%%

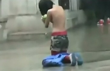 2013年11月中旬,一段女孩街头讨钱的视频在网络引发关注:视频中一名女孩脱掉上衣,裸胸在雨中下跪哭嚎:“我要15块钱,叔叔给我15块钱吃饭吧!“还夸张地仰天哭泣、伸开双手。过了一会见无人理睬,女孩又自行穿上衣服。ps:这…真真假假,难以分清啊。
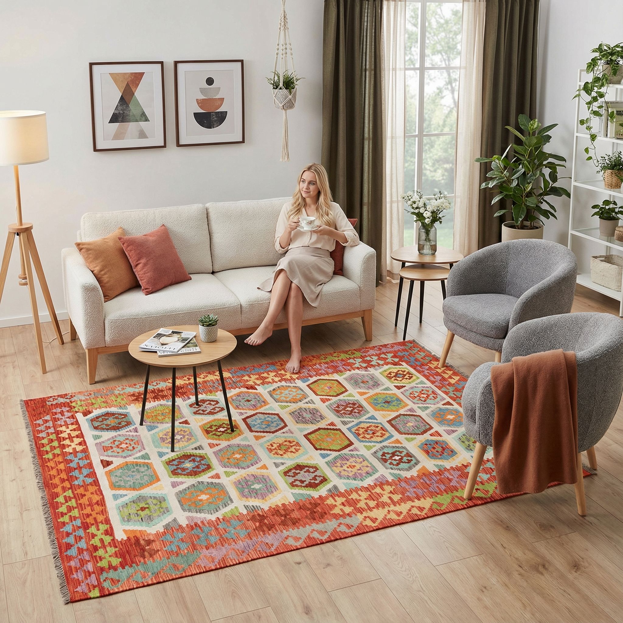 Entdecken Sie den faszinierenden handgewebten Ghazghar-Kelim aus Afghanistan, ein Meisterwerk aus handversponnener Schafwolle und Naturfarben. Die Hauptfarben dieses Teppichs sind ein warmes, erdiges Ziegelrot und Hellbeige, das von lebhaften Blautönen und frischem Grün ergänzt wird. Die harmonische Farbpalette verleiht jedem Raum eine behagliche und einladende Atmosphäre. Das geometrische Muster mit seinen sechseckigen Formen und traditionellen Nomadenmotiven ist charakteristisch für ...mehr Beschreibung
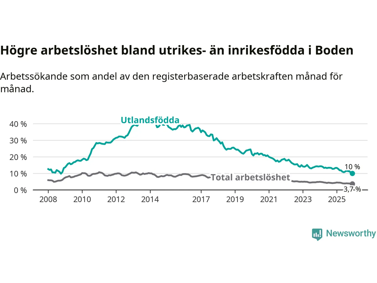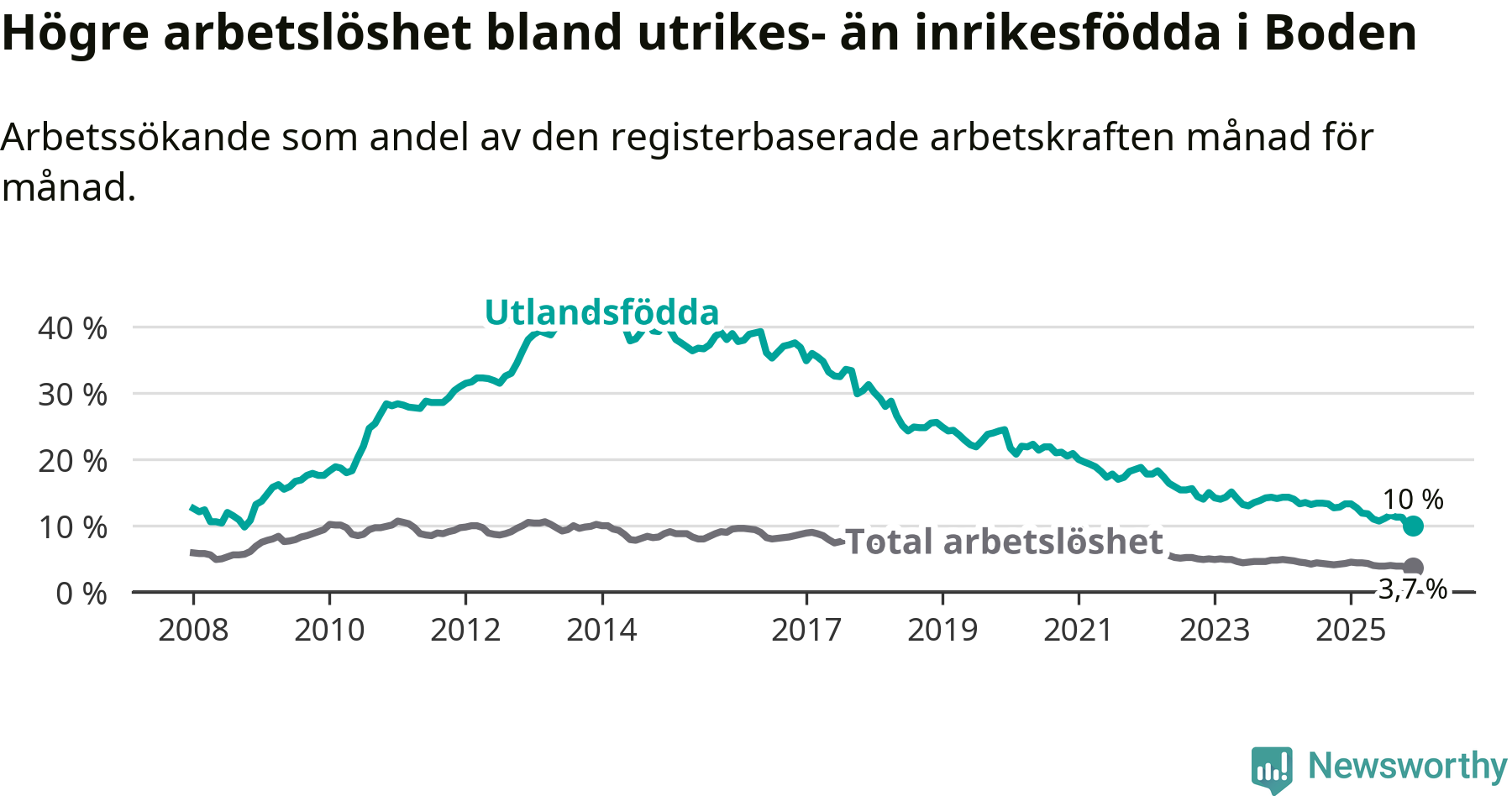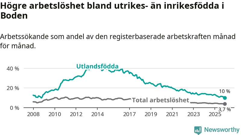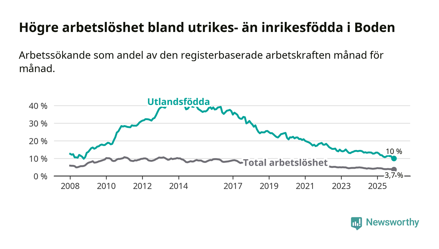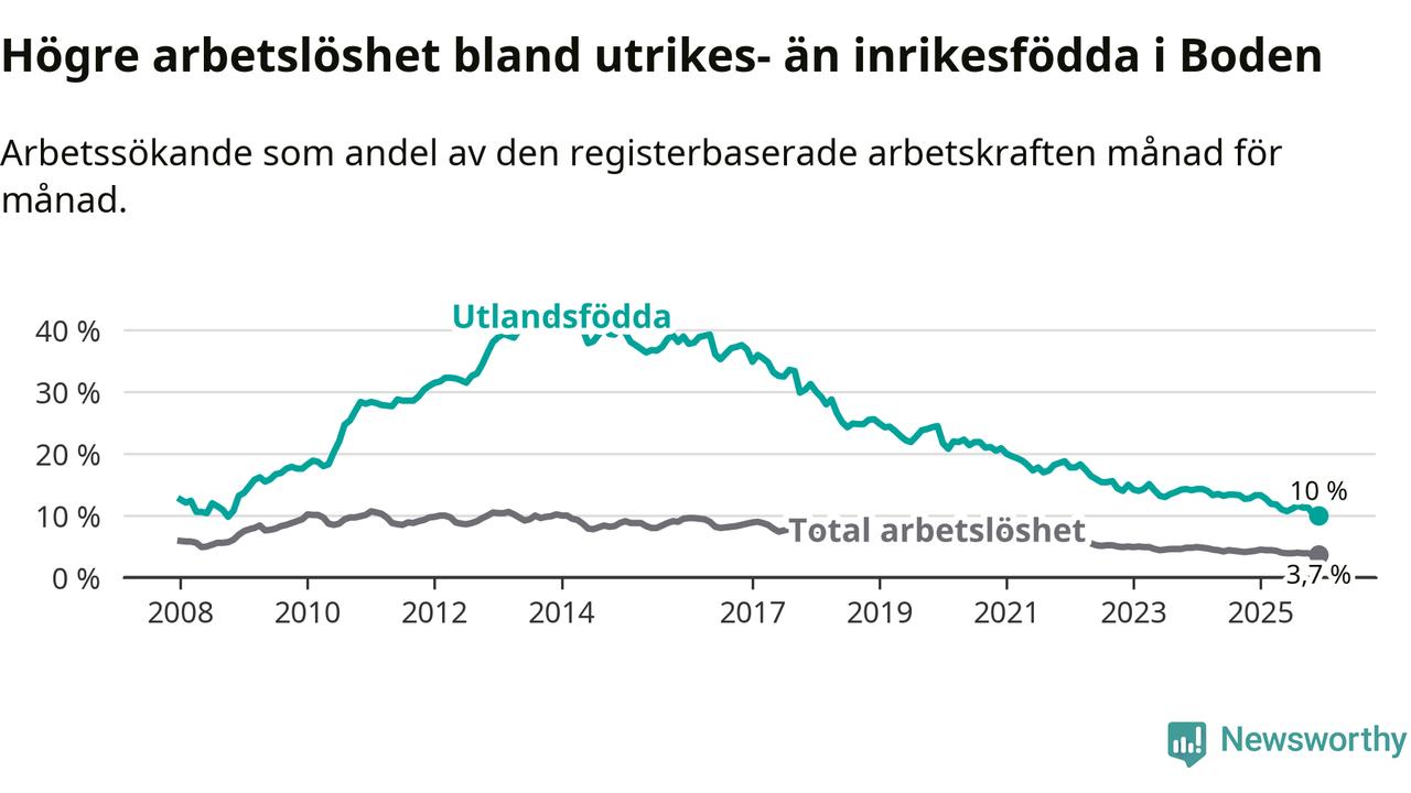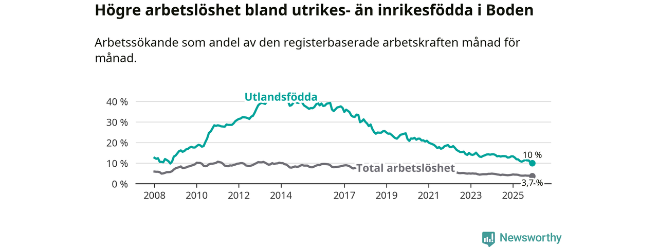 Arbetslösheten bland utlandsfödda var 10,0 procent i Boden under december månad, motsvarande 212 av 2 120 personer. Det är 3,3 procentenheter färre än vid samma tidpunkt i fjol (−38 om man räknar personer). Därmed är de utlandsföddas arbetslöshet lägre än vid samma tidpunkt i fjol för 17:e månaden i följd. Sedan juli 2024 har arbetslösheten bland utlandsfödda minskat från 13,4 till 10,0 procent. Den nuvarande arbetslöshetsnivån är den lägsta sedan oktober 2008.
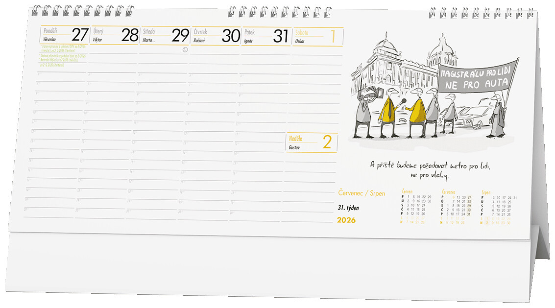 - měsíční fáze, roční období, letní a zimní čas, mezinárodní svátky CZ, SK, PL, A, D, daňové termíny CZ, tabulkový přehled 3 měsíců, kreslený vtip na každý týden, časové plánování
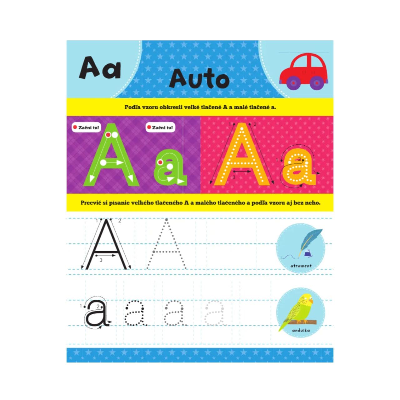 Zábavná interaktívna tabuľa, s ktorou sa deti ľahko naučia písať veľké aj malé písmená tlačenej abecedy.
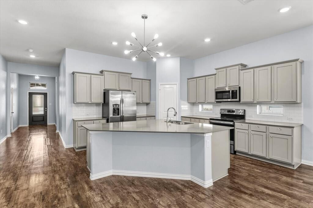 A Must-See in The Oaks at San Gabriel! Like-new, spacious single-story home built in 2020. This property offers 4 Beds/3 Full Baths across 2,161 sqft, perfect for growing families or those needing a dedicated home office/guest suite. Enjoy an open-concept floor plan with high ceilings and abundant natural light. The kitchen features a breakfast bar, SS appliances, and large pantry. The primary suite is conveniently located on the main level. Features include an indoor utility room, 2-car garage, and a covered back patio overlooking the fenced yard. Located in a premier community offering fantastic HOA amenities (pool, trails, community center). Zoned to highly-rated Liberty Hill ISD (verify schools). Excellent location with easy access to Georgetown Square and major roads. Ready for immediate move-in!

%%

#### Assigned task
Reproduce each entry exactly, without the pictures.

#### Answer space
 2013年11月中旬,一段女孩街头讨钱的视频在网络引发关注:视频中一名女孩脱掉上衣,裸胸在雨中下跪哭嚎:“我要15块钱,叔叔给我15块钱吃饭吧!“还夸张地仰天哭泣、伸开双手。过了一会见无人理睬,女孩又自行穿上衣服。ps:这…真真假假,难以分清啊。
 Entdecken Sie den faszinierenden handgewebten Ghazghar-Kelim aus Afghanistan, ein Meisterwerk aus handversponnener Schafwolle und Naturfarben. Die Hauptfarben dieses Teppichs sind ein warmes, erdiges Ziegelrot und Hellbeige, das von lebhaften Blautönen und frischem Grün ergänzt wird. Die harmonische Farbpalette verleiht jedem Raum eine behagliche und einladende Atmosphäre. Das geometrische Muster mit seinen sechseckigen Formen und traditionellen Nomadenmotiven ist charakteristisch für ...mehr Beschreibung
 Arbetslösheten bland utlandsfödda var 10,0 procent i Boden under december månad, motsvarande 212 av 2 120 personer. Det är 3,3 procentenheter färre än vid samma tidpunkt i fjol (−38 om man räknar personer). Därmed är de utlandsföddas arbetslöshet lägre än vid samma tidpunkt i fjol för 17:e månaden i följd. Sedan juli 2024 har arbetslösheten bland utlandsfödda minskat från 13,4 till 10,0 procent. Den nuvarande arbetslöshetsnivån är den lägsta sedan oktober 2008.
 - měsíční fáze, roční období, letní a zimní čas, mezinárodní svátky CZ, SK, PL, A, D, daňové termíny CZ, tabulkový přehled 3 měsíců, kreslený vtip na každý týden, časové plánování
 Zábavná interaktívna tabuľa, s ktorou sa deti ľahko naučia písať veľké aj malé písmená tlačenej abecedy.
 A Must-See in The Oaks at San Gabriel! Like-new, spacious single-story home built in 2020. This property offers 4 Beds/3 Full Baths across 2,161 sqft, perfect for growing families or those needing a dedicated home office/guest suite. Enjoy an open-concept floor plan with high ceilings and abundant natural light. The kitchen features a breakfast bar, SS appliances, and large pantry. The primary suite is conveniently located on the main level. Features include an indoor utility room, 2-car garage, and a covered back patio overlooking the fenced yard. Located in a premier community offering fantastic HOA amenities (pool, trails, community center). Zoned to highly-rated Liberty Hill ISD (verify schools). Excellent location with easy access to Georgetown Square and major roads. Ready for immediate move-in!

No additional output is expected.